Trois par trois
Orglandes, Manche, février 2010.
Dans ce coin de Basse-Normandie, on ne peut l’oublier. À peine descendu du train, ils vous en parleront et puis vous ne pourrez pas ne pas voir ; d’abord il y a les noms sur les panneaux Caretan, Sainte-Mère-Église, plus loin le long de la route, d’autres panneaux, ceux-là mémoriaux Omaha Beach, Utah Beach, et puis au détour d’un marais, un cimetière. Il y en a 26 de ces cimetières militaires : les plus nombreux sont britanniques, 16 au total, les américains et les canadiens en ont deux seulement, chacun moins que les allemands (4).
À Orglandes, quand on descend de voiture, le lieu est désert, il n’y a pas de drapeau, mais les écrits sur les murs de l’entrée sont en allemand, la typographie utilisée pour le plan du lieu est en style néo-gothique comme pour délimiter dans ce petit coin de pays un petit bout de passé. Il n’en a pas d’abord été ainsi puisque le lieu après-guerre fut dans un premier temps un cimetière provisoire américain, avant qu’entre 1956 et 1961 on y aménage la sépulture de plus de 10 000 soldats allemands.
Ici les tombes ne sont pas ornées d’une croix blanche comme chez les alliés le plus souvent, mais d’une stèle grise formant à peine une croix.

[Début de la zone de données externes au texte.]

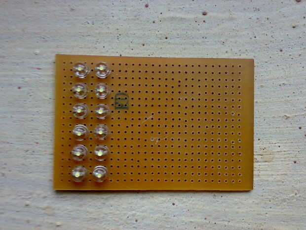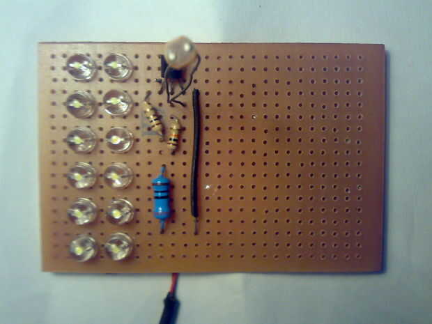 complete el circuito según el diagrama del circuito, conectar los LEDs en paralelo (puede agregar más llevado si es necesario) también ver fr la polaridad del led antes de colocar en el tablero porque volver a soldar hace el circuito sucio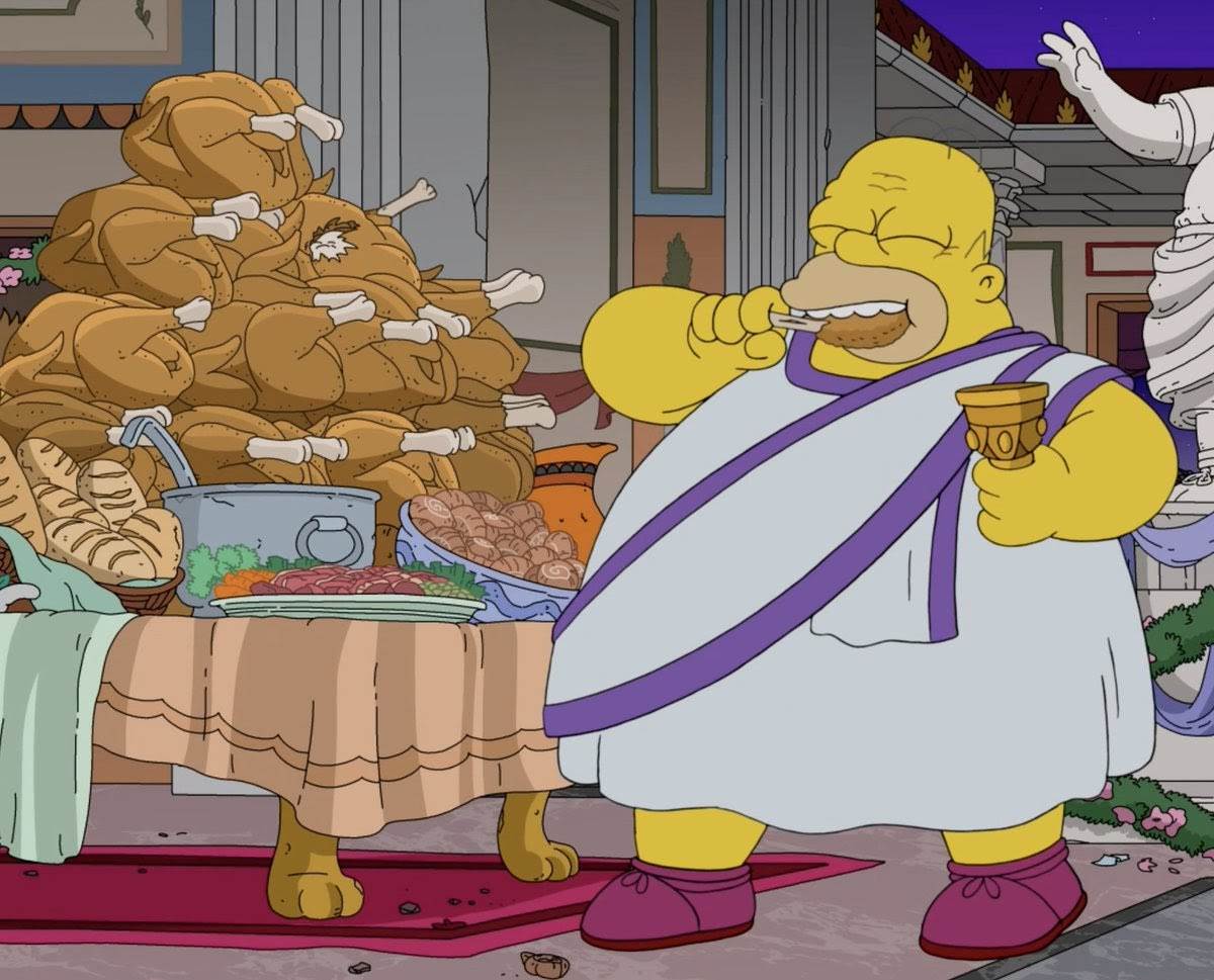 As the episode opens, our favorite family is at the museum looking at an ancient Roman exhibit. Homer (voiced by Dan Castellaneta) is bored, naturally, and Marge (Julie Kavner) says she wants him to show more ambition in his career so they can get more out of life, after he admits to having skipped a training program to be there. The museum curator (Monty Python’s Sir Michael Palin as this week’s guest star) interrupts out of nowhere to tell the arguing couple the story of Obeseus the Wide. “Once again, bickering in public gets us free therapy from strangers,” says Homer.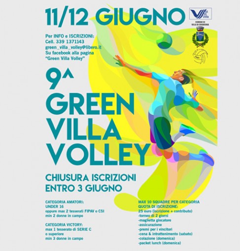 Green Villa Volley, giunto quest’anno alla sua nona edizione, intende organizzare per il fine settimana dell’11 e 12 giugno 2016 il torneo di pallavolo misto diviso nelle categorie amatoriale e agonistica. La manifestazione dal 2008 si disputa sui campi del centro sportivo comunale in località Posmotta.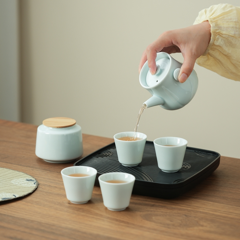 釉面清澈透明,光泽柔和,给人一种温润如玉的感觉;青瓷的胎体通常较薄,质地细腻制作工艺精湛,胎釉结合;影青茶具胎体较薄,容易破损,使用和存放时应避免碰撞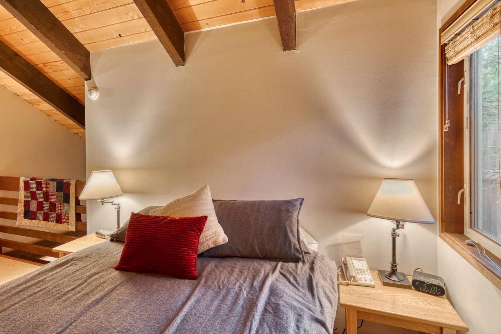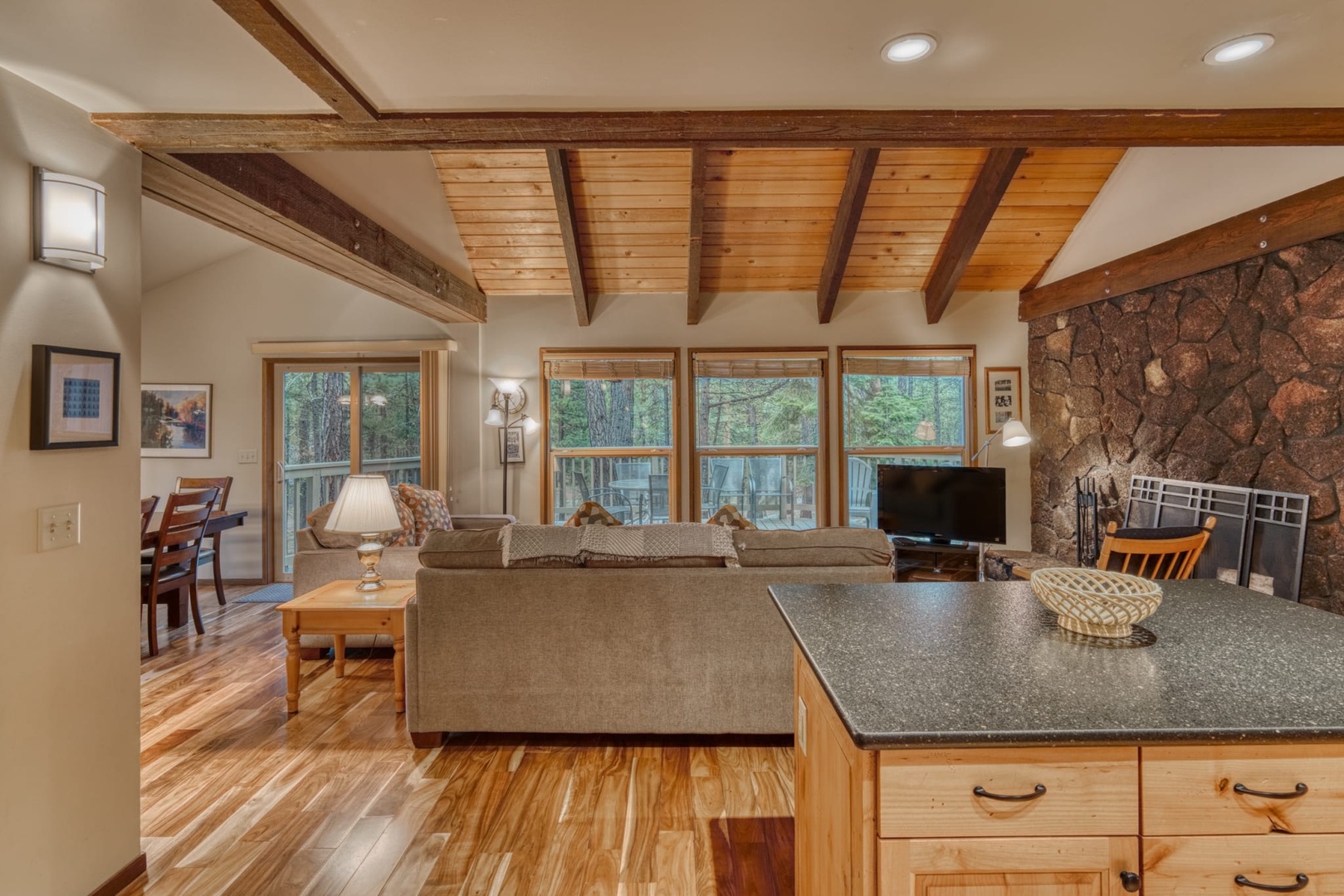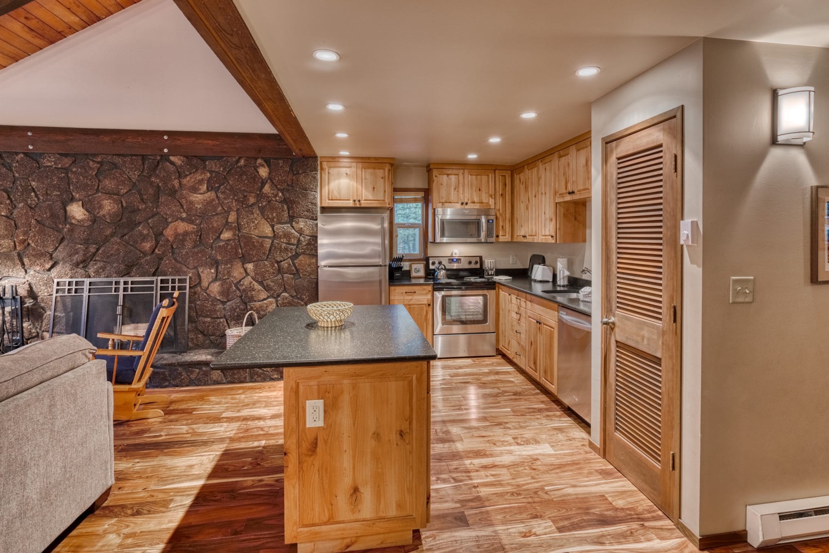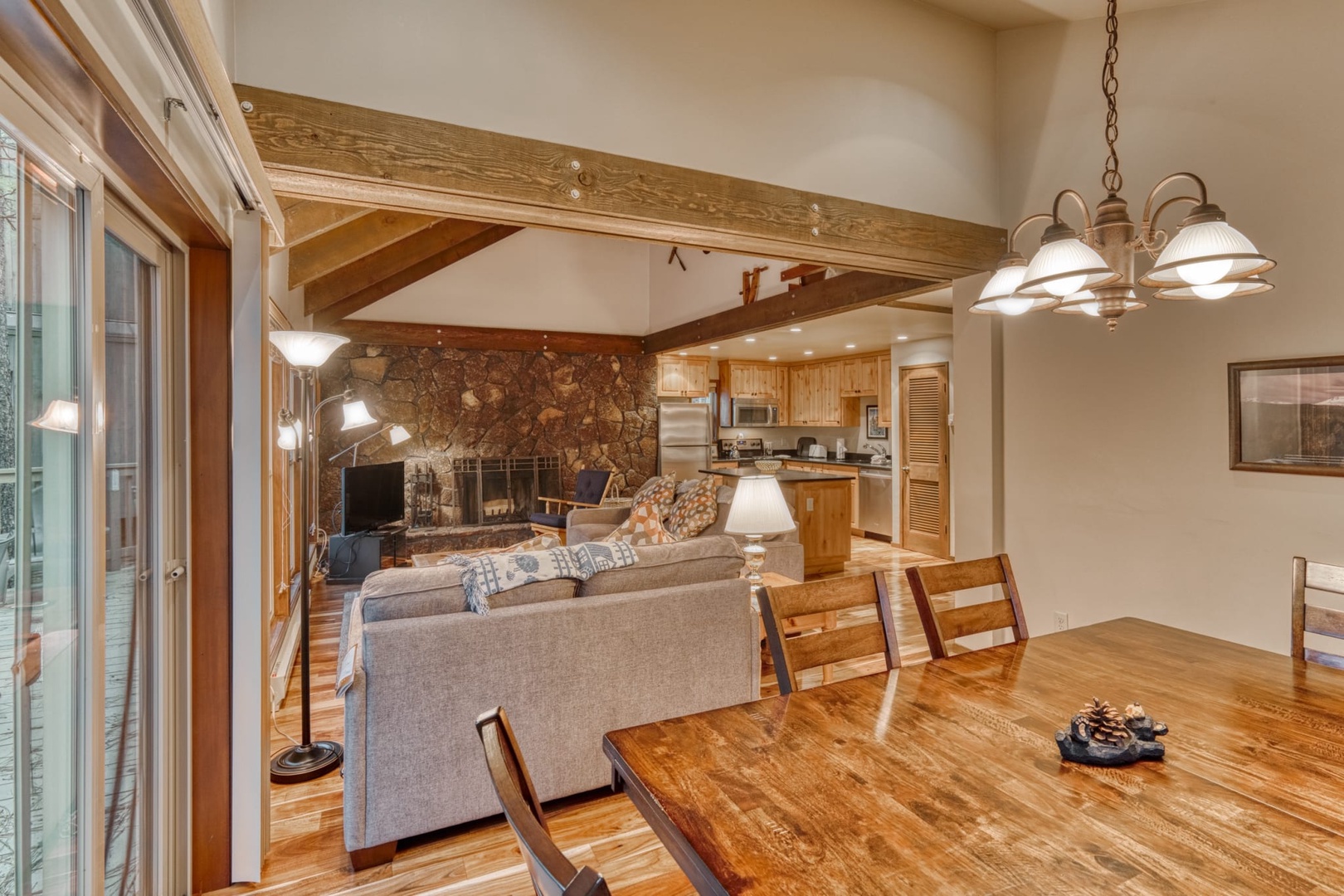 Upon entering RC 010 guests are greeted with an open floor plan on the main level and beautiful new wood floors. Immediately to the right of the front door is a newly remodeled shared hallway full bathroom with stackable washer and dryer. Across the entry way is a kid’s room with a bunk bed, dresser and vaulted ceiling. Next to the kid’s room is a bedroom with queen size bed, dresser, new bedding, and night stands; both the bunk room and queen bedroom have coat hooks on the wall for hanging clothes in lieu of closets. Also on the main level is the newly remodeled and expanded kitchen/living room and dining room. The kitchen features new: Counter tops, cabinets, cooking island, stainless appliances, and comes fully stocked with plates, glassware and pots and pans. The living room is furnished with a newer sectional couch, end tables, lamps and good natural light from the floor to ceiling windows, flat screen TV and fireplace. The dining area is just off the living room and kitchen and has a table for 4 – 6 guests, and a sliding glass door leading out to the deck. The deck has an outdoor dining table and BBQ. A 3rd sleeping area is located in the open area loft. The loft has a queen size bed, night stands and lamps, built-in armoire for hanging clothes and dresser drawers, small TV and private 3/4 bathroom.

On marche dans cette grande étendue d’herbe arborée, on s’avance à travers ces centaines de petits monuments identiques portant une inscription à chaque fois différente : trois noms de soldats allemands morts. Leurs noms, les dates de naissance et de mort ont été sobrement inscrits à la peinture blanche. Sur cette pierre, on les a unis à jamais. Sans doute ils ne se connaissaient pas. Sans doute ils n’avaient-ils pas les mêmes opinions mais on a décidé plus de dix ans après le D-Day que leur ultime trace serait là, dans ce coin de champ normand. Leurs noms listés sur ces monuments écrivent ensemble un récit, un récit à jamais inscrit en petites lettres blanches qui leur échappe.